Bill shocks occur when data workflows are either too complex or too large for the existing cloud query engine. Due to scalable offerings of compute capacity for handling large datasets and complex algorithms, enterprise AI and data analytics tech stacks are now highly dependent on cloud platforms. With compute power requirements, the associated cloud costs rise.
“As data and analytics advance, companies are forced to limit dataset size and reduce complexity to manage expenses, impacting the quality of their insights,” Deborah Leff, chief revenue officer at SQream, told Observer. “Many AI/ML projects are not initiated due to the high cost of experimentation over the cloud. Poor data preparation and inadequate data cleansing methods are other major contributors to project failures.”
The cost of running data and AI technologies over the cloud has been a significant deterrent. Cloud cost inflation is set to persist in 2024, necessitating cost-cutting measures within enterprises that intensified last year. US government economic data and vendor research point to a pattern of rising cloud costs. The Bureau of Labor Statistics’ Producer Price Index (PPI) for 2024 has shown a month-over-month increase in data processing and related services, a category that includes cloud computing. The current year-over-year uptick stands at 3.7 per cent.

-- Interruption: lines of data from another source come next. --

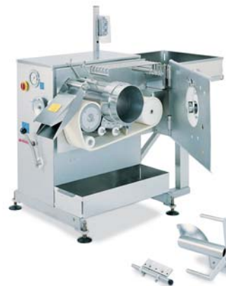
Perforated drum in use
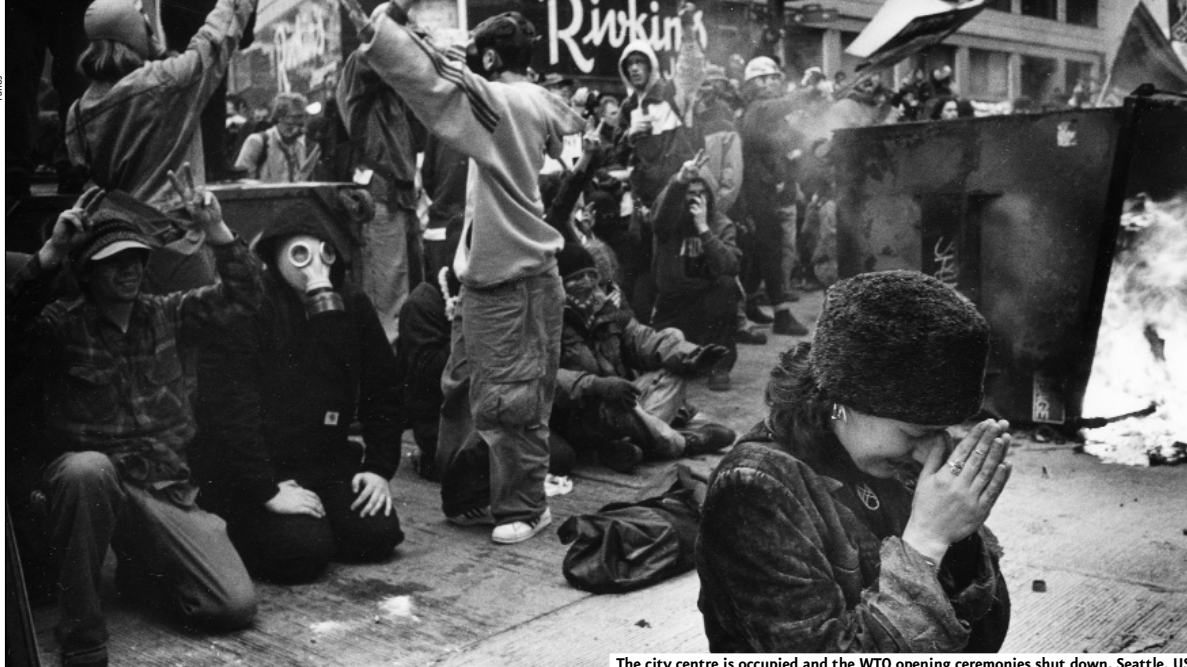
The city centre is occupied and the WTO opening ceremonies shut down. Seattle, US

market' zone. In Italy a McDonald's is occupied, a Nestlé factory and Lloyd's Bank get similar treatment in England, while 2,000 people rally in London against the privatization of public transport and are attacked by the police.
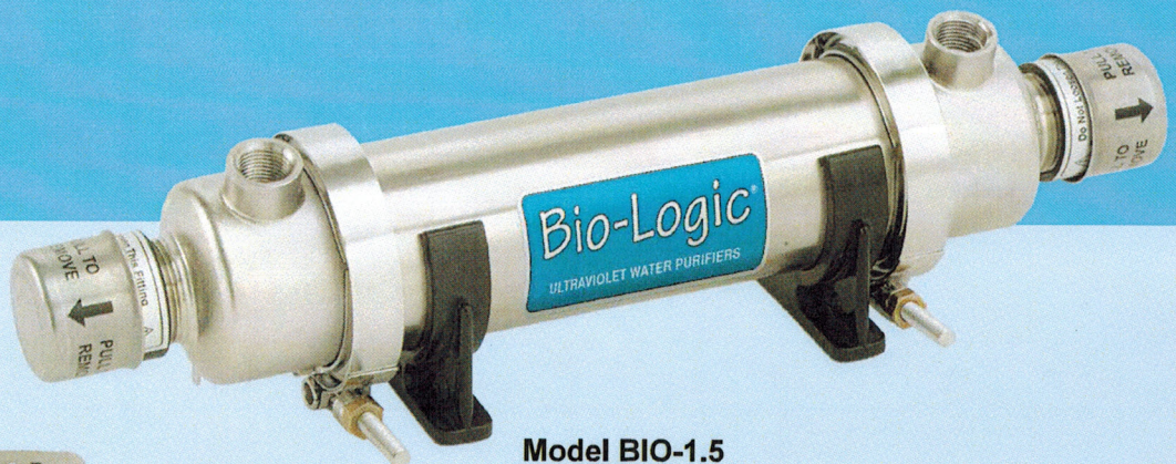
Model BIO-1.5 1.5 GPM

Data queries and the volume of projects are also being compromised due to these costs. Nearly half of the enterprises (48 per cent) in the SQream study admitted to reducing the complexity of queries to manage analytics costs, particularly concerning cloud resources and compute loads. Meanwhile, 46 per cent are limiting AI-powered projects due to cost.
But the cost crunch extends beyond vendor pricing. Leff explained that businesses often do not thoroughly analyze which in-house IT assets would benefit from cloud migration.
“Cost is a major factor in project failures because expenses often escalate during experimentation. It’s not that machine learning architecture fails, rather management chooses to halt investment when costs spiral. Time to value is crucial, and experimenting often leads to high costs due to the size and complexity of modern data,” she added.
Regarding data preparation, a third of the companies surveyed (33 per cent) said they are using 5-10 solutions/platforms, making this task extremely complicated. Using different tools by several users in parallel can be problematic, as finding bottlenecks and analyzing processes is more difficult.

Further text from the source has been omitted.